*** DATA SHOWN ***

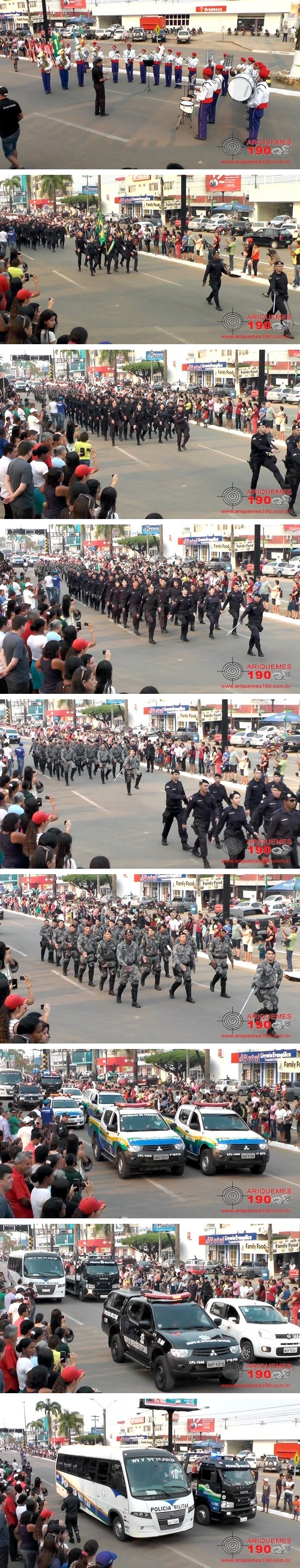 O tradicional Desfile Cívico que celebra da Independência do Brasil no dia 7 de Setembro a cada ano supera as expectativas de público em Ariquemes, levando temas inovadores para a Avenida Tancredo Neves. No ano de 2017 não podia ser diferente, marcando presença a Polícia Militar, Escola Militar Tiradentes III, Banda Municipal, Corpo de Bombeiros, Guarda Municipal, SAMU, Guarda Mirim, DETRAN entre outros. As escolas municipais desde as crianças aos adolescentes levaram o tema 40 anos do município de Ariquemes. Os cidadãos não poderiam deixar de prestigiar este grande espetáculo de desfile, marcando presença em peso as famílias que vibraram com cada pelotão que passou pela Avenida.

*** End of DATA SHOWN ***
*** DATA SHOWN ***

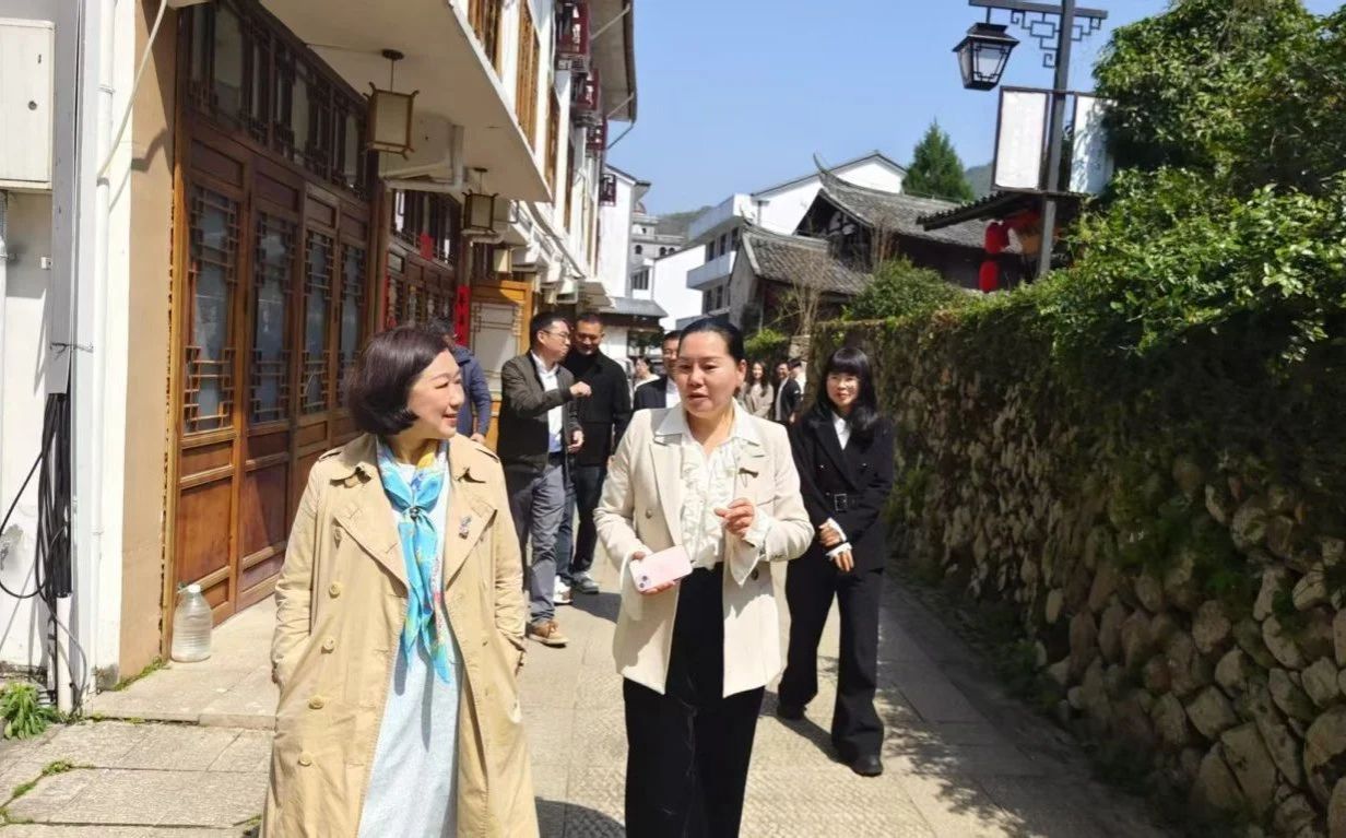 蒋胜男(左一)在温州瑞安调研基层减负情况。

*** End of DATA SHOWN ***
*** DATA SHOWN ***

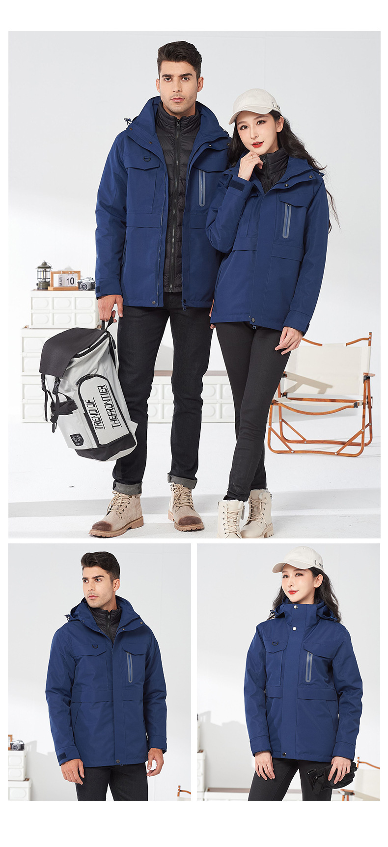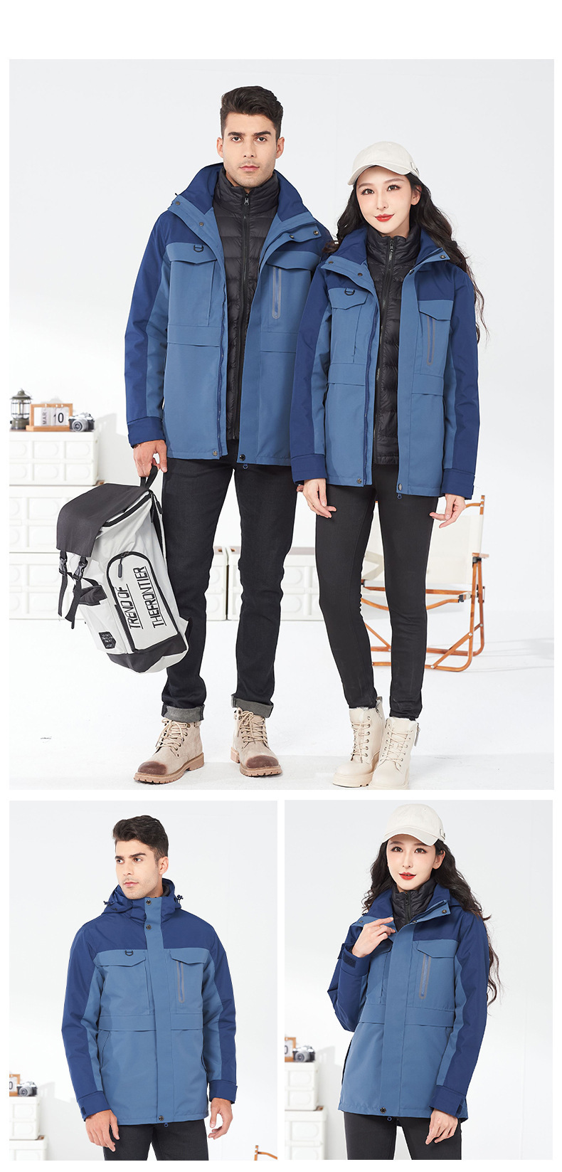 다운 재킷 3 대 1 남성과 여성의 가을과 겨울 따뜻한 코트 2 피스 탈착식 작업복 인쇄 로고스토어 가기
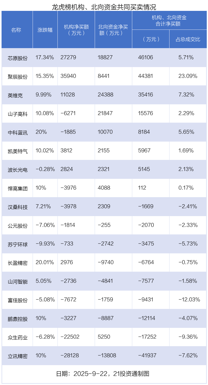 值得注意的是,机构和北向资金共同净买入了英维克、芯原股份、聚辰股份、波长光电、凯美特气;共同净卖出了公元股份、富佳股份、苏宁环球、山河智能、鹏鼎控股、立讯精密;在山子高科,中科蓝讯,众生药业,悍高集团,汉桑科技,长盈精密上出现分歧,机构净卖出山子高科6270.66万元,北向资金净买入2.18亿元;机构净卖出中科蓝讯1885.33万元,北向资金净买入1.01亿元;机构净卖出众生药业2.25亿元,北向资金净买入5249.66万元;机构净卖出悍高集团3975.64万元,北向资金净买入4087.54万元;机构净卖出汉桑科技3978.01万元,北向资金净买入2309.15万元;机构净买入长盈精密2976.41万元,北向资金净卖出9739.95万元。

*** End of DATA SHOWN ***

#### YOUR GOAL:
Output should consist of the lines above from the one with "다운 재킷 3 대 1" down to the one with "值得注意的是,机构和北向资金", exact and without pictures.

#### PROBLEM SOLUTION:
 다운 재킷 3 대 1 남성과 여성의 가을과 겨울 따뜻한 코트 2 피스 탈착식 작업복 인쇄 로고스토어 가기
 值得注意的是,机构和北向资金共同净买入了英维克、芯原股份、聚辰股份、波长光电、凯美特气;共同净卖出了公元股份、富佳股份、苏宁环球、山河智能、鹏鼎控股、立讯精密;在山子高科,中科蓝讯,众生药业,悍高集团,汉桑科技,长盈精密上出现分歧,机构净卖出山子高科6270.66万元,北向资金净买入2.18亿元;机构净卖出中科蓝讯1885.33万元,北向资金净买入1.01亿元;机构净卖出众生药业2.25亿元,北向资金净买入5249.66万元;机构净卖出悍高集团3975.64万元,北向资金净买入4087.54万元;机构净卖出汉桑科技3978.01万元,北向资金净买入2309.15万元;机构净买入长盈精密2976.41万元,北向资金净卖出9739.95万元。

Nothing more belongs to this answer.